**TASK PROMPT**:
Copy out the data that comes next, character for character, and leave the images aside.

**GIVEN DATA**:
+===+

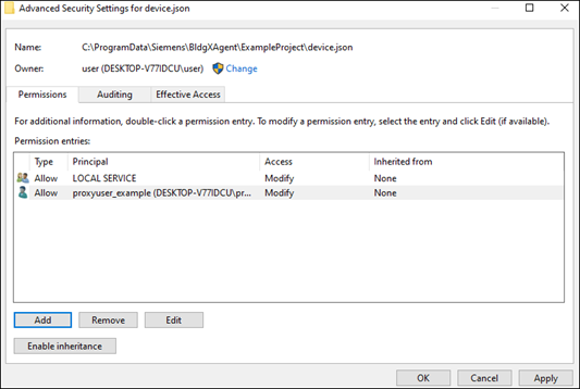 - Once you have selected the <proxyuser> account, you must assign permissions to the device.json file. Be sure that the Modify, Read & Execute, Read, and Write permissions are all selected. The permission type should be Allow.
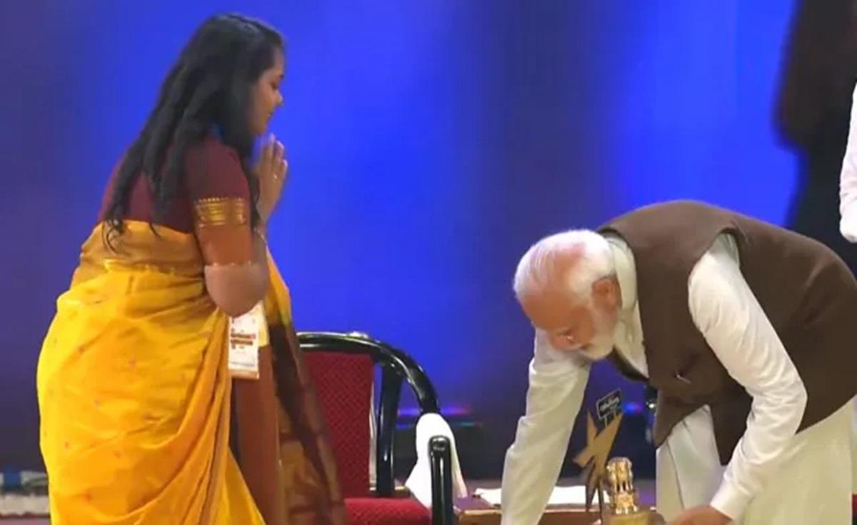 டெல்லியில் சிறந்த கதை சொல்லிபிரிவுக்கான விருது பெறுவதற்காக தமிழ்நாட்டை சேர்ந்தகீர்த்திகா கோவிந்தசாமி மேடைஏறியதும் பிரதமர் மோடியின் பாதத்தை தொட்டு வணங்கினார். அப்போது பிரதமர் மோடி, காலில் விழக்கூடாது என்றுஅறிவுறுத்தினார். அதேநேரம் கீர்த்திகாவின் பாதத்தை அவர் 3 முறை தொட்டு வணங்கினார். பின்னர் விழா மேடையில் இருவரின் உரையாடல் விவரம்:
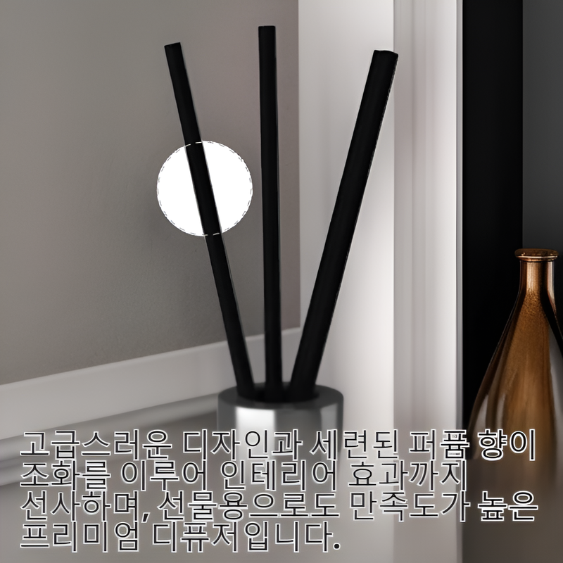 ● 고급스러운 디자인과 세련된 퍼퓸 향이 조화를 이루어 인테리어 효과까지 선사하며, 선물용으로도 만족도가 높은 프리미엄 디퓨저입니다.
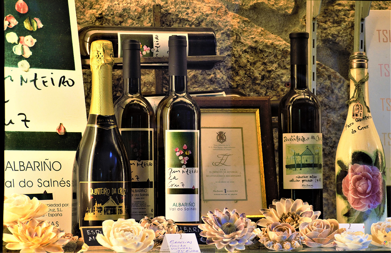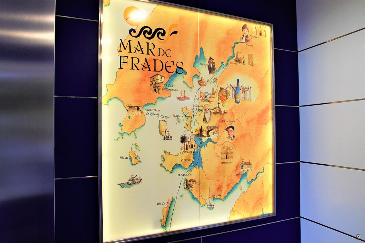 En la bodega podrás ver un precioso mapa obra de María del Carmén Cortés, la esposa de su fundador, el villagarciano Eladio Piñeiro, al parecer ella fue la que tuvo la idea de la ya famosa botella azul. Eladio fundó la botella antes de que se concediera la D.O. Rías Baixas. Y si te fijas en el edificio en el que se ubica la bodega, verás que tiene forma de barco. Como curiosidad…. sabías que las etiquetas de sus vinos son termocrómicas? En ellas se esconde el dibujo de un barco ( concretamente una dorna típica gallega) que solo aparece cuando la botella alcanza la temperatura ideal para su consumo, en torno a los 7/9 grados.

+===+

**ANSWER FOR THIS EXERCISE**:
 - Once you have selected the <proxyuser> account, you must assign permissions to the device.json file. Be sure that the Modify, Read & Execute, Read, and Write permissions are all selected. The permission type should be Allow.
 டெல்லியில் சிறந்த கதை சொல்லிபிரிவுக்கான விருது பெறுவதற்காக தமிழ்நாட்டை சேர்ந்தகீர்த்திகா கோவிந்தசாமி மேடைஏறியதும் பிரதமர் மோடியின் பாதத்தை தொட்டு வணங்கினார். அப்போது பிரதமர் மோடி, காலில் விழக்கூடாது என்றுஅறிவுறுத்தினார். அதேநேரம் கீர்த்திகாவின் பாதத்தை அவர் 3 முறை தொட்டு வணங்கினார். பின்னர் விழா மேடையில் இருவரின் உரையாடல் விவரம்:
 ● 고급스러운 디자인과 세련된 퍼퓸 향이 조화를 이루어 인테리어 효과까지 선사하며, 선물용으로도 만족도가 높은 프리미엄 디퓨저입니다.
 En la bodega podrás ver un precioso mapa obra de María del Carmén Cortés, la esposa de su fundador, el villagarciano Eladio Piñeiro, al parecer ella fue la que tuvo la idea de la ya famosa botella azul. Eladio fundó la botella antes de que se concediera la D.O. Rías Baixas. Y si te fijas en el edificio en el que se ubica la bodega, verás que tiene forma de barco. Como curiosidad…. sabías que las etiquetas de sus vinos son termocrómicas? En ellas se esconde el dibujo de un barco ( concretamente una dorna típica gallega) que solo aparece cuando la botella alcanza la temperatura ideal para su consumo, en torno a los 7/9 grados.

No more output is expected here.